DPRD Bali Tindaklanjuti Aspirasi ke Presiden dan DPR, Adi Wiryatama: Saya Tidak Lari
Setelah ditunggu dua jam, Ketua DPRD Bali sementara, I Nyoman Adi Wiryatama, akhirnya menerima dan menandatangani tuntutan massa
Penulis: Ragil Armando | Editor: Ady Sucipto
TRIBUN-BALI.COM, DENPASAR - Setelah ditunggu dua jam, Ketua DPRD Bali sementara, I Nyoman Adi Wiryatama, akhirnya menerima dan menandatangani tuntutan massa yang menggeruduk Kantor DPRD Bali di Renon, Denpasar, Senin (30/9).
Adi Wiryatama pun membantah dirinya melarikan diri.
Politisi senior PDIP ini menyatakan dirinya tak ada niatan lari ataupun menghindar dari aksi massa.
Ia sejatinya telah menunggu kedatangan ratusan elemen masyarakat yang tergabung dalam aksi #BaliTidakDiam tersebut.
“Saya sudah menunggu, katanya tadi jam 10.00, tapi mundur jadi jam 12.00. Saya tunggu hingga jam setengah dua, karena adek-adek (masyarakat) itu terlambat. Saya tidak lari,” ujarnya di hadapan massa.

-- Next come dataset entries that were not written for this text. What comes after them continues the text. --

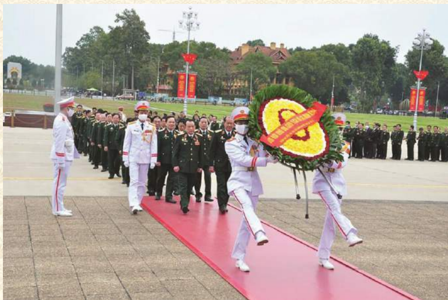
CÁC ĐẠI BIỂU VÀO LĂNG VIẾNG CHỦ TỊCH HỒ CHÍ MINH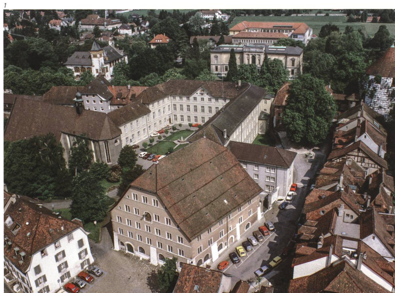
Abb. 1 Blick vom Turm der St.-Ursen-Kathedrale aus auf die U-förmige Anlage des Ambassadorshofs, Foto 1983. Im Vordergrund liegt der mächtige Baukörper des Alten Zeughauses. Links schliesst die Franziskanerkirche an den Ambassadorshof an. Nordseitig liegt der Stadtpark mit Kunstmuseum und Konzertsaal.

ausgebrochenen Revolution verliess der französische Gesandte 1792 Solothurn. Beim Einmarsch der Franzosen 1798 übernahmen diese den leerstehenden Ambassadorshof und nutzen ihn als Kaserne; als solche diente die Anlage bis 1874. 1882 erfolgte der umfassende Umbau des mehrheitlich leerstehenden Hofes zur Kantonsschule. Dabei wurde das Innere des Gebäudes nach einem Projekt des Architekten Ernst Glutz-Blotzheim umfassend verändert und dem neuen schulischen Betrieb angepasst, sodass von der einstigen Pracht der Ausstattungen praktisch nichts mehr übrig blieb. Die neue Nutzung als Schule verlangte auch eine Belichtung von Norden. Die nordseitig bis anhin durchlaufende, mehrheitlich fensterlose mittelalterliche Stadtmauer musste daher einer neuen befensterten, neoklassizistischen Nordfassade weichen. Nach dem Auszug der Kantonsschule wurde die Anlage 1958 für die kantonale Verwaltung umgebaut. Dabei wurde ein zusätzlicher Südostflügel neu hinzugefügt.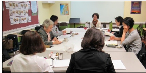
<한국 천주 교회사 공부반> ↑ 매주 목요일 오전 10시 30분부터 110호에서 공부가 있습니다.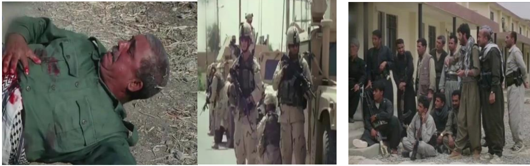
وینه‌یی ژماره (7)

- سەرباز هاتینه دیارکرن. سەربازین کوردی (پیشمەرگه) و بێن ئەمریکی و بێن عەرەبان هاتینه ژیکجوداکرن.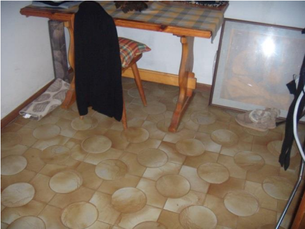
Disbrigo piano interrato

Di samping itu, mantan Bupati Tabanan itu mengaku ada jadwal terapi usai operasi saraf kejepit.
Karenanya ia sempat meninggalkan Kantor DPRD Bali.
"Karena saya dapat jadwal terapi tadi, pakai mesin. Bukannya saya lari, tidak.
Saya tadi juga ngumpulin teman-teman (anggota DPRD) yang akan menerima teman-teman yang menyampaikan aspirasinya," kata dia.
Elemen masyarakat yang terdiri dari para mahasiswa dan masyarakat itu menyampaikan tujuh tuntutan ke Kantor DPRD Bali.
Pertama, menolak RUU Kitab Undang-undang Hukum Pidana (KUHP), RUU Pertambangan Minerba, RUU Pertanahan, RUU Pemasyarakatan, RUU Ketenagaerjaan; Mendesak pembatalan UU KPK dan UU SDA, Mendesak disahkannya UU PKS, dan RUU Perlindungan Pekerja Rumah Tangga.
Kedua, batalkan pimpinan KPK bermasalah pilihan DPR. Ketiga, tolak TNI dan Polri menempati jabatan sipil. Keempat, setop militerisme di Papua dan daerah lain, bebaskan tahanan Papua segera.
Kelima, usut pelaku kekerasan dan menghalang-halangi kerja jurnalis, hentikan intimidasi dan kriminalisasi jurnalis, penggiat HAM, dan aktivis.
Keenam, hentikan pembakaran hutan di Kalimantan dan Sumatra yang dilakukan oleh Koorporas, dan dipidanakan Koorporasi Pembakar Hutan serta cabut izinnya.
Terakhir, tuntaskan pelanggaran HAM dan adili penjahat HAM termasuk yang duduk di lingkaran kekuasaan dan pulihkan hak-hak korban.